Enterprise Risk Management
Enterprise Risk Management

The Company’s business activities are exposed to risk as well as opportunities due to a continuously changing business environment. The risk management philosophy of the Company is to mitigate adverse outcome of the identified risks while maximizing the positive contribution of opportunities, in order to secure long term value to our shareholders.

The Company, through the Board of Directors, shall promote a risk-aware culture by making risk management a responsibility of every employee and an integral part of the Company’s strategic and operational planning, and day-to-day management and decision making. The Board shall appoint a Chief Risk Officer (the “CRO”) who shall oversee and supervise entire enterprise risk management process and recommend improvement of ERM processes and documentation. The Company, through the CRO, shall manage and minimize risks by identifying, analysing, evaluating and treating exposures that may impact on achieving its objectives and the continued efficiency and effectiveness of its operations.

These activities are reviewed and monitored by supervising committees of the Board such as the Executive Committee and the Audit Risk Oversight and Related Party Transaction (the “ARORPT”).

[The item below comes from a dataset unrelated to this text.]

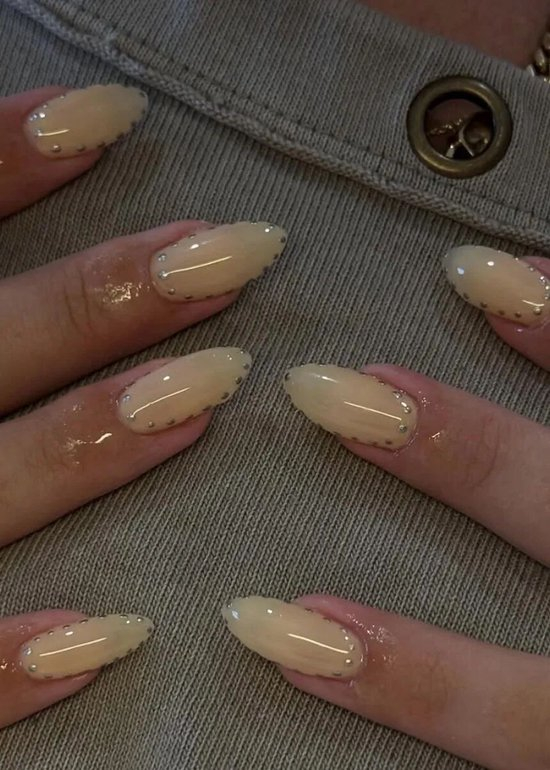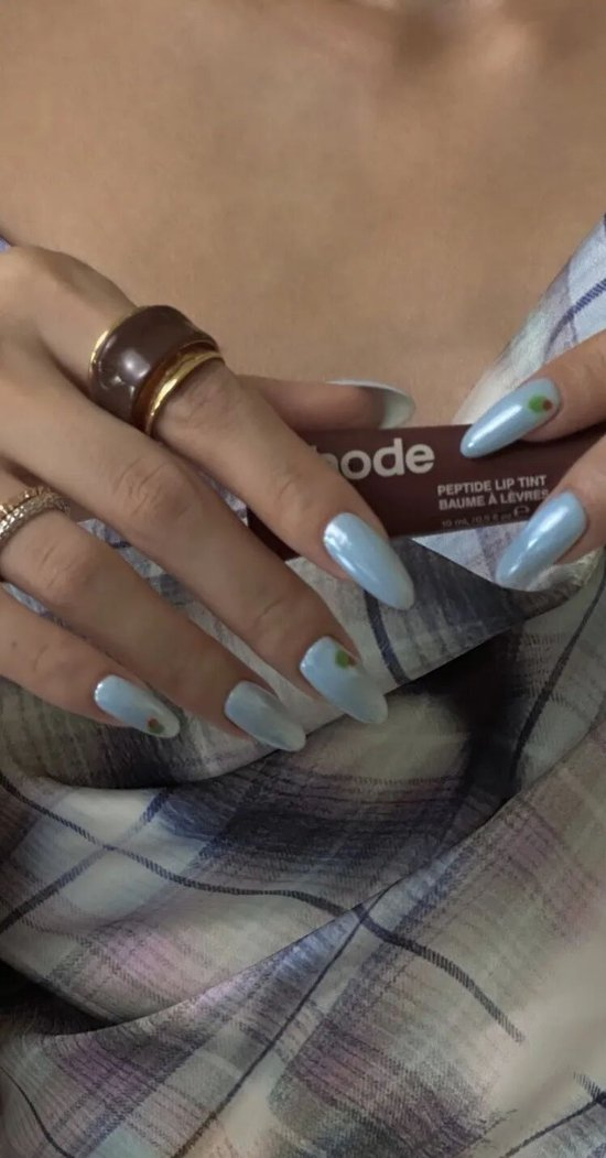 搭配长杏甲片,从指间轻轻晕染开,

The ARORPT Committee provides oversight over the Company’s risk management processes. It monitors and reviews risk exposures and risk mitigation plans of the Company and evaluate the Company’s risk management systems for its effectiveness and adequacy. The Committee likewise annually reviews the Company’s approaches to risk management, and recommends as necessary to the Board regarding the Company’s risk management policies and procedures. The Company shall adopt a bottom-up approach in its risk management process, with line management primarily responsible for the identification of risks and the implementation of its control strategies. Training programs to explain the value of risk management and understand the risk responsibilities of personnel in the different organization levels shall be held periodically to ensure that sound risk management and safety practices are implemented in the day-to-day operations.